Разбиватель сердец (сборник рассказов), стр. 31

В Ленинград ко мне Мулка так и не приехал, еще на пару писем – не ответил; да и писал-то я на Саню.

А Саня через полтора года, летом, позвонил в мою дверь – и гостил две недели из своего полугодового, с оплаченными раз в три года, билетами, полярного отпуска: две недли загула, напора и "отведения души".

– Чудак, – сказал он о Мулке. – Глаза жестокие, а сам добрый. Умный! в двух университетах учился. Говорят, шаманом хотел быть, а потом выучился и раздумал, а трудиться нормально ему, вроде, религия не позволяет… или с родней поссорился, говорят.
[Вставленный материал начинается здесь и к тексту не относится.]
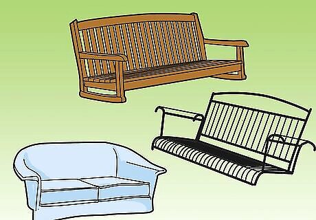 Choose your swing. There are several types of swings available. For instance, you might choose a wicker porch swing, a metal porch swing, or a wooden porch swing. You can get porch swings in a rainbow of colors, so choose a color that suits your porch and pleases the eye. There is no functional difference associated with the different types of colors or materials of the porch swing. Your choice of swing is entirely based on your personal preference.
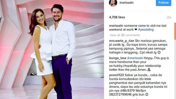 "Ya, benar, lagi bahagia, pacar baru, udah itu aja," ujar Marissa saat ditemui usai mengisi 'Rumpi No Secret' di Gedung Trans TV, Jalan Kapten Tendean, Jakarta Selatan. Foto-foto kemesraan bersama sang kekasih sudah sering dipajang melalui akun Instagram milik pribadinya. Presenter '!nsert' itu mengakui mulai menjalin hubungan dengan pria yang berasal dari Jerman itu sejak awal tahun 2017.
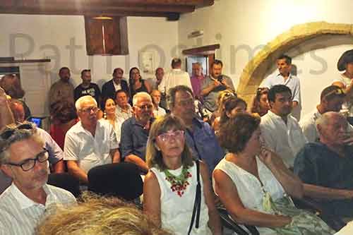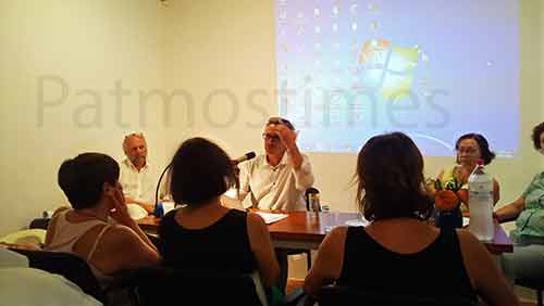 Να παρέμβη ζήτησε ο πρόεδρος του συλλόγου απανταχού Πατμίων Ξάνθος ο Φιλικός, κ. Θεολόγος Μαυρουδής, όταν ο μηχανικός κ. Κωνσταντινίδης ανέβηκε στο βήμα της αίθουσας του Αρχοντικού Νικολαῒδη για να μιλήσει σύμφωνα με το πρόγραμμα.
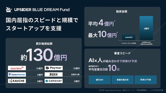UPSIDER BLUE DREAM Fundは引き続き、速く、大きな融資でスタートアップの資金調達に新たな選択肢を提供してまいります。
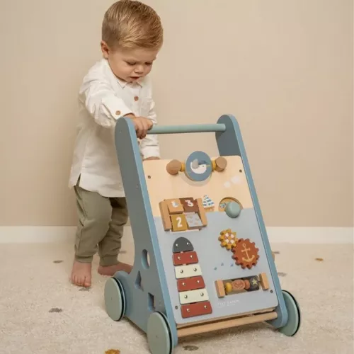 Een vrolijke multi-activiteitentrolley ‘Sailors Bay’ van het Nederlandse merk Little Dutch voor het oefenen van de eerste stapjes. Dit verrijdbare houten speelgoedwagentje heeft acht ingebouwde speeltjes. Als de beentjes moe worden van het lopen, kan de kleine zich hiermee vermaken.
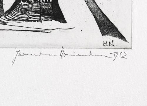 Aus: Hermann Naumann, Grafik zu Franz Kafka. Grafik-Edition XXI (Leipzig: Reclam 1985). – Rechts unten in Bleistift signiert und datiert: ″Hermann Naumann 1952″. Links Auflagenbezeichnung: ″35/100″. In der Platte rechts unten Signatur: ″H.N.″ Wasserzeichen der Hahnemühle. – Sehr guter Zustand.

…Я провожал его в ресторане гостиницы "Московская". Дружески-одобрительный официант менял бутылки с коньяком. В полумраке сцены, в приглушенных прожекторах, девушки в газе и кисее изгибались под музыку, танцуя баядер. Саня облизал губы.
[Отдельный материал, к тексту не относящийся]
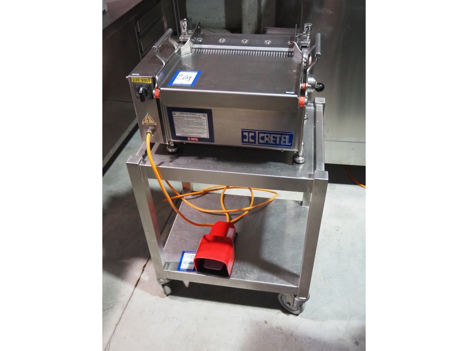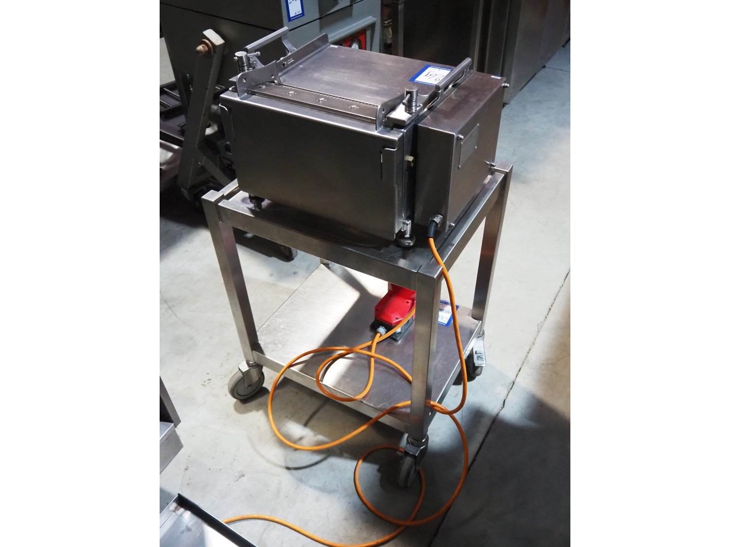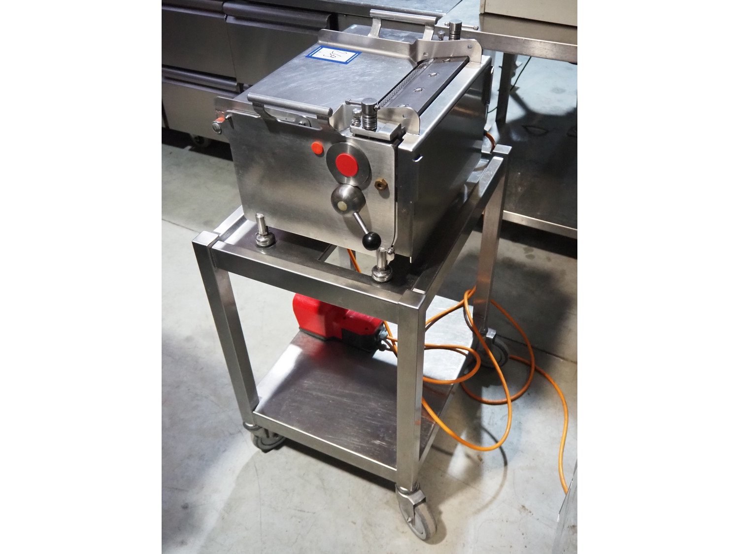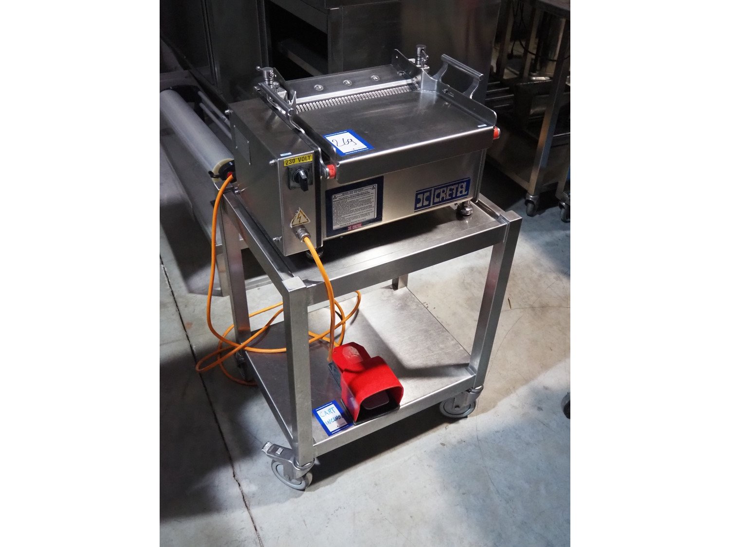 Cretel skinning machine on s/s trolley with foot control, type: 362 RK, number: 16090806, year of construction: 2006, 220/400 V, 3 Ph, 50 Hz, 3.8/2.4 A, 0.75 kW, working width: 315 mm, total dimensions: 620 mm x 605 mm x 1050 mm.
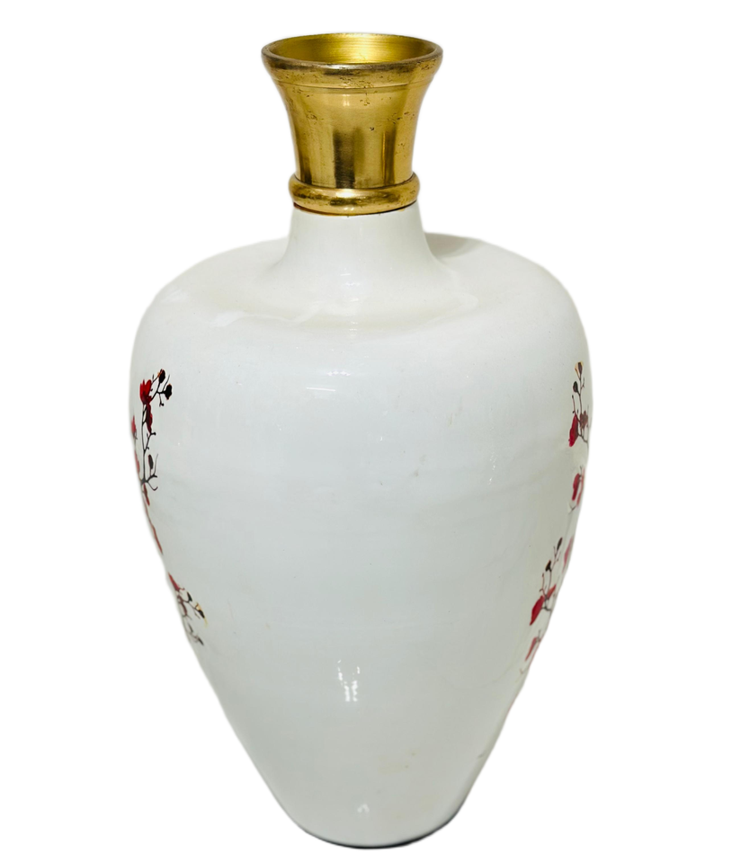 Handmade White Enamelled Iron Flower Vase Red Floral Design Luxury Floor Vase for Home Decor Living Room Restaurant Gold Coast
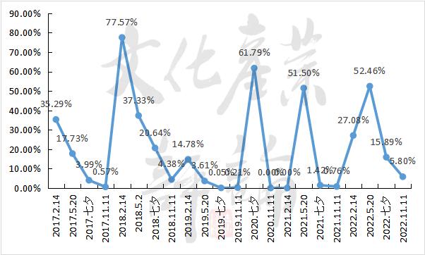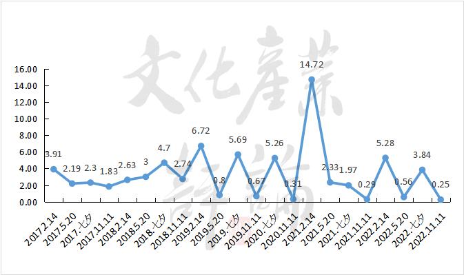 具有明显情人节档期效应的日期其实有四天,分别是2月14日的西方情人节,寓意“我爱你”的5月20日,中国传统七夕节,以及以光棍节著称的11月11日。为方便表述,下文将这四天都统称为情人节档。

– Я тебе вот что скажу, – сказал он. – ПрОклятое то место. Я на этой точке два плана делал, по полтораста песцов ловил, рыбы шесть тонн. Бензиновый движок в прошлом году купил, электричество сделал. А только не вернусь туда больше. Найду желающего, продам ему все там, тысячи четыре точно возьму, и – ша…

Я не понял.

– Пошел Мулке подарок твой относить – а там и нет ничего… Вообще ничего, понял?

– Может, не нашел? – Я улыбнулся, начиная подозревать истину.

– Как не найти – прямо на берегу стояла?! Что я, один год в тайге, не ходил по ней, что ли?.. Заночевал у костра, назавтра все там исходил, дальше дошел – аж до Чертова Пальца, а это на десять километров дальше, понял? – Он выпил, изящно промокнул губы салфеткой и положил ее обратно на колени. – А назад иду – вот она, избушка! Пустая! черная… Ближе подошел – все настежь, все покосилось. И… и кости собачьи на крыльце.

Ну – я пощипал себя, что не сплю, и по реке вниз обратно – задницу в горсть, и мелкими скачками. У поворота оглянулся – а там свет в окне! И собака залаяла!

До дому долетел – не знаю как. Печь растопил, сижу у нее и трясусь. И ружье рядом.

А потом – тринадцать дней ровно! – все капканы как один пустые! Каждый день обхожу, еще десяток в звпвсе был – поставил: ничего! И рыба: две сетки в прорубях у меня: пусто, понял! Ну, думаю, плохо дело…

А на четырнадцатую ночь просыпаюсь: скребется кто-то на крыше, ходит. Аж дух замер. Тихо встал, ружье взвел – и прямо из открытых дверей вверх! Слышу – спрыгнул кто-то на ту сторону. Я – туда: росомаха пожаловала, улепетывает! И сразу я ее свалил, одной пулей, ночью – прямо в хребет.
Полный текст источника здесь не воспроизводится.